> _Assignment_
Skip the pictures, please, and write out exactly the lines from the opening of the data through the line containing "An employee of".

> _The records_
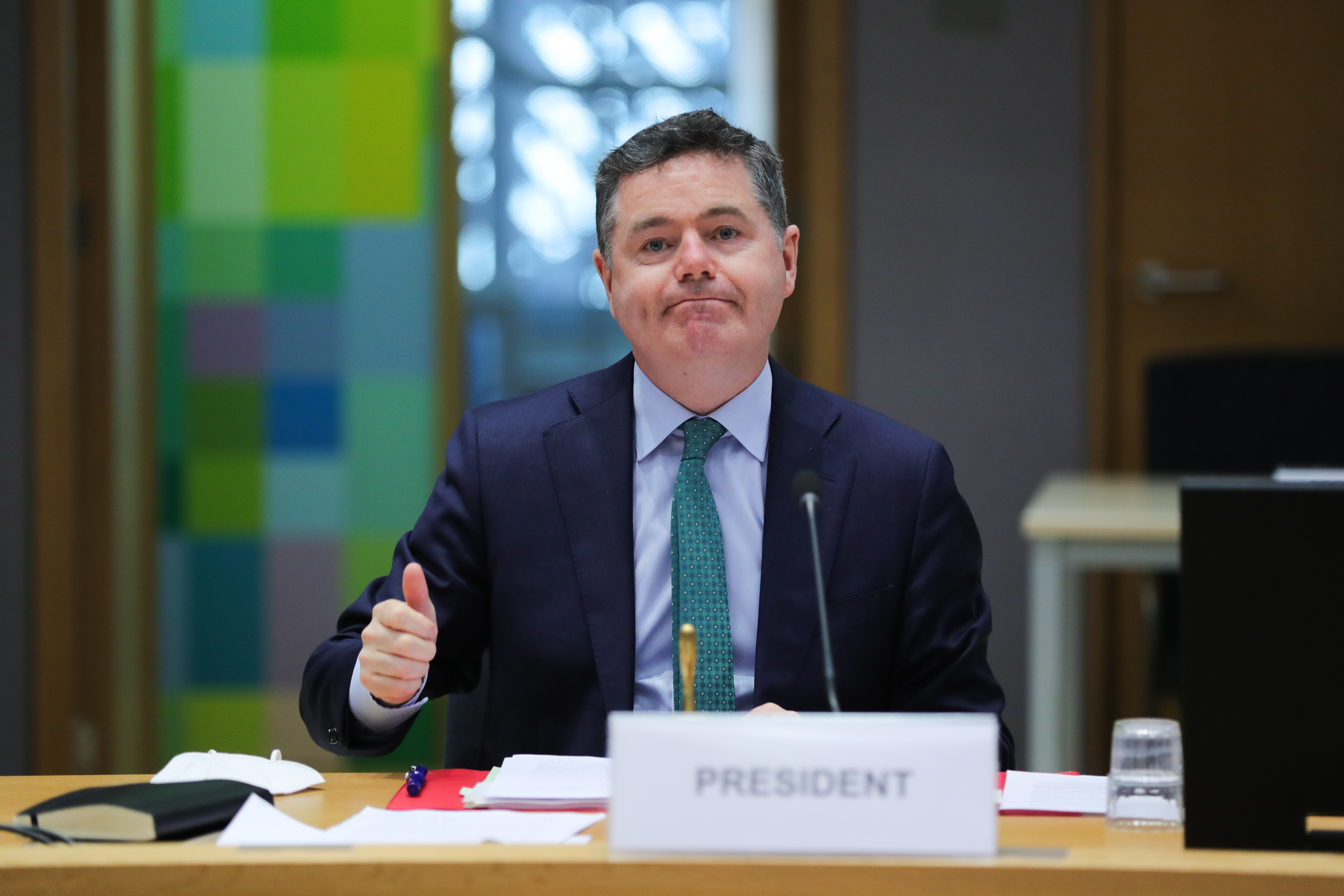 新华社照片,布鲁塞尔,2022年3月15日 (国际)(4)欧元集团会议在比利时布鲁塞尔举行 3月14日,欧元集团主席帕斯卡尔·多诺霍在比利时布鲁塞尔主持欧元集团会议。 当天,欧元集团会议在比利时布鲁塞尔举行。 新华社记者 郑焕松 摄
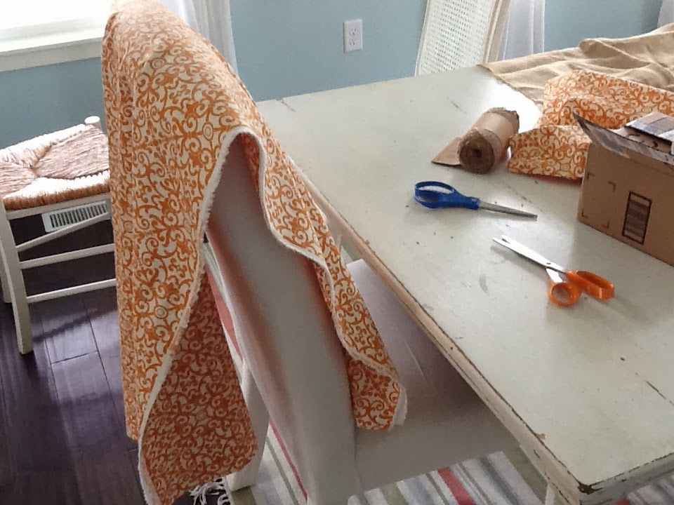 2. Purchase some coordinating fabric that you like (I got this from Joann’s) then drape over the chair to see how much you will need per chair. The fabric is doubled here…see next photo.
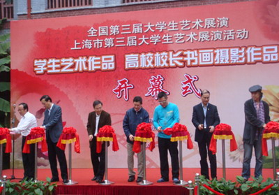 | 2011年11月4日下午,由上海市教委主办的全国第三届大学生艺术展演暨上海市第三届大学生艺术展演活动、学生艺术作品、高校校长书画摄影作品展在华东政法大学长宁校区举行,市委领导为本次展览剪彩。在这次艺术作品展演中,我校教育系沈鑫睿与金超同学荣获艺术作品一等奖。 在全市各高校的共同努力下,本市高等学校艺术展经过半年多的征集,共收到全市44所高校的书法、绘画、摄影、雕塑、DV等九大类大学生作品和校长作品374件。展出的作品站在时代的高度,从不同的视角见证了中国共产党90年的光辉历程,以及改革开放以来伟大祖国所取得的巨大成就,体现了向真、向善、向美、向上的校园文化特质,表现了大学生实现中华名族伟大复兴的远大抱负,展示了当代大学生正确的价值观、人生观和健康的审美追求。(教育系 岳远洋) | ||
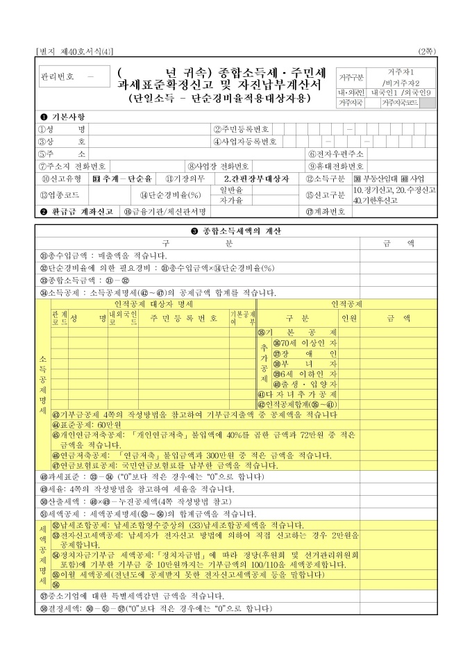 종합소득세농어촌특별세주민세 과세표준확정신고 및 자진납부 ... from www.bizforms.co.kr 종합소득세는 소득금액에 대해여 부과되는 것이고, 실제 수입 중에서 필요경비를 뺀 만큼이 소득금액이 되기 때문에 최대한으로 필요경비를 인정받아서 소득금액을 줄이는 것이 절세의 관건이다. 소득세법 제40호 종합소득세·농어촌특별세 과세표준확정신고 및 납부계산서. 개인의 소득을 종합하여 공제규정 및 누진세율을 적용하여 과세하는 것으로, 1년 동안 발생한 이자소득, 배당소득, 부동산 임대소득, 사업소득 종합소득세 세율 및 납부기한.
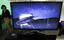 An employee of Samsung Electronics walks past one of its 3D LED televisions displayed for visitors at the company s headquarters in Seoul.
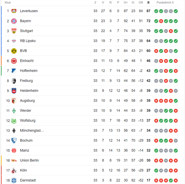 Leverkusen a jejich historické tažení si určitě ukradnou většinu pozornosti. Především český fanoušek by ale mohl alespoň po očku sledovat i Hoffenheim. Pavel Kadeřábek a jeho spoluhráči naposledy přejeli beznadějně poslední Darmstadt 6:0, v posledním kole se utkají s Bayernem a v sázce není nic menšího než Liga mistrů.
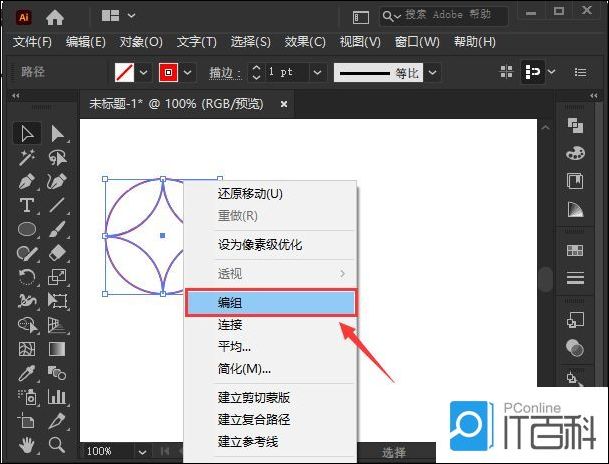 我们把两个形状一起选中,然后右键选择【编组】成一个整体的图案。
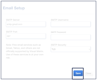 When emails are not sent, there are some first steps you can check. The first step you want to do is check if the current email settings in Visual Matrix are saving. If they are not, then there is an issue with those settings. If they are, then you can check if the emails are really not sending or do they get into the recipient spam/junk folder.
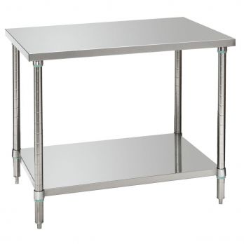 Pracovní stůl z chromniklové oceli 18/10 s plnou policí, s výškově nastavitelnými nohami. Zatížení horní desky do 160 kg. Zatížení spodní police do 120 kg. Výška mezi policí a pracovní deskou 660 mm. Lehká montáž. Rozměry: 1000 (Š) x 700 (H) x 860-900 (V) mm. Hmotnost: 22,0 kg.
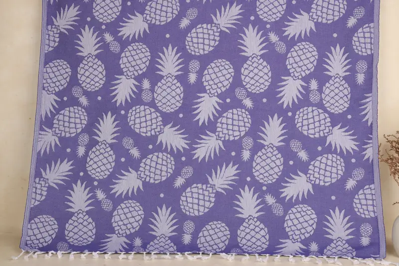 Turkish Bath Towel Organic Cotton Purple Pineapple Patterned, 36x71 Inches
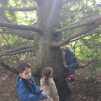After lunch, we ventured out on a foraging hike. We identified trees, tried our hands at climbing (they got sticky in the Spruce trees), and played at the big park on the climbers AND with our new walky talkies. On our return, we came back to closing circle and shared what we found along the way on our sharing board and our favourite parts of the day. We ended with outside play time after packing up all our gear for the day.
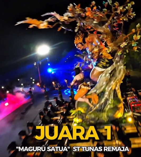 Posisi pertama berhasil diamankan oleh ST. Tunas Remaja dengan karya mereka yang bertajuk “MAGURU SATUA”. Mereka sukses meraih nilai tertinggi sebesar 914 poin berkat detail anatomi yang sangat luar biasa halus. Oleh karena itu, gelar juara bertahan pun masih kokoh berada di genggaman banjar berprestasi ini.
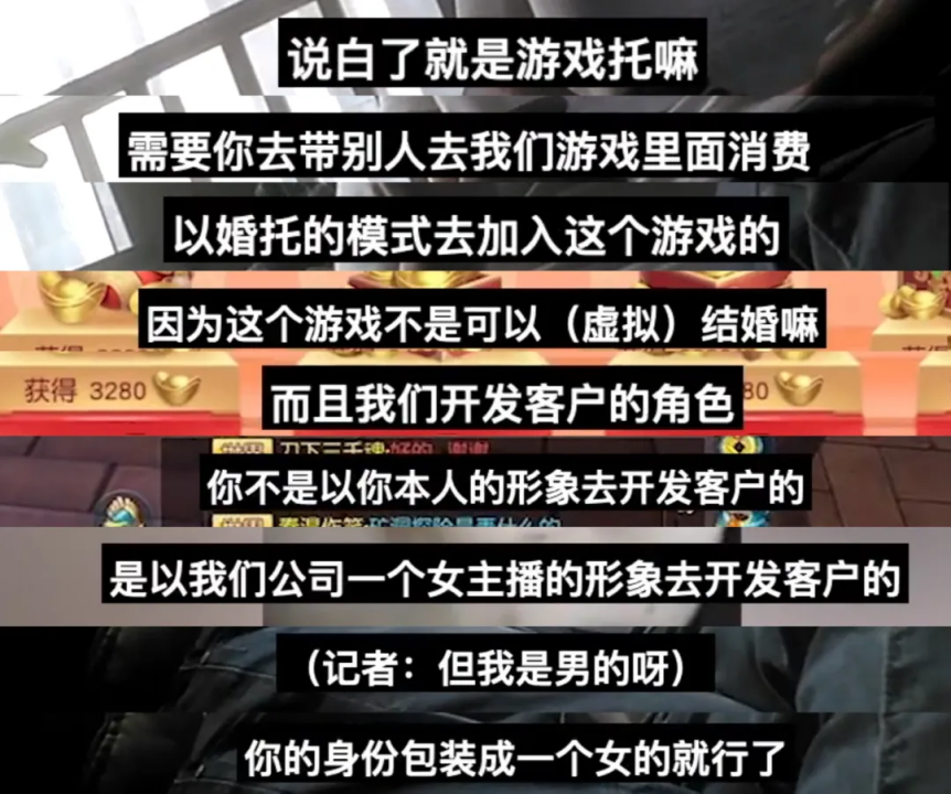 他们没有那么多用户,只能通过一些擦边球推广游戏,主要方式就是人带人的游戏托方式,并产生了很多变种,如婚托、赌托、色播当托。而后者显然到了违法犯罪的悬崖边上。

> _Solution below_
 新华社照片,布鲁塞尔,2022年3月15日 (国际)(4)欧元集团会议在比利时布鲁塞尔举行 3月14日,欧元集团主席帕斯卡尔·多诺霍在比利时布鲁塞尔主持欧元集团会议。 当天,欧元集团会议在比利时布鲁塞尔举行。 新华社记者 郑焕松 摄
 2. Purchase some coordinating fabric that you like (I got this from Joann’s) then drape over the chair to see how much you will need per chair. The fabric is doubled here…see next photo.
 | 2011年11月4日下午,由上海市教委主办的全国第三届大学生艺术展演暨上海市第三届大学生艺术展演活动、学生艺术作品、高校校长书画摄影作品展在华东政法大学长宁校区举行,市委领导为本次展览剪彩。在这次艺术作品展演中,我校教育系沈鑫睿与金超同学荣获艺术作品一等奖。 在全市各高校的共同努力下,本市高等学校艺术展经过半年多的征集,共收到全市44所高校的书法、绘画、摄影、雕塑、DV等九大类大学生作品和校长作品374件。展出的作品站在时代的高度,从不同的视角见证了中国共产党90年的光辉历程,以及改革开放以来伟大祖国所取得的巨大成就,体现了向真、向善、向美、向上的校园文化特质,表现了大学生实现中华名族伟大复兴的远大抱负,展示了当代大学生正确的价值观、人生观和健康的审美追求。(教育系 岳远洋) | ||
 종합소득세농어촌특별세주민세 과세표준확정신고 및 자진납부 ... from www.bizforms.co.kr 종합소득세는 소득금액에 대해여 부과되는 것이고, 실제 수입 중에서 필요경비를 뺀 만큼이 소득금액이 되기 때문에 최대한으로 필요경비를 인정받아서 소득금액을 줄이는 것이 절세의 관건이다. 소득세법 제40호 종합소득세·농어촌특별세 과세표준확정신고 및 납부계산서. 개인의 소득을 종합하여 공제규정 및 누진세율을 적용하여 과세하는 것으로, 1년 동안 발생한 이자소득, 배당소득, 부동산 임대소득, 사업소득 종합소득세 세율 및 납부기한.
 An employee of Samsung Electronics walks past one of its 3D LED televisions displayed for visitors at the company s headquarters in Seoul.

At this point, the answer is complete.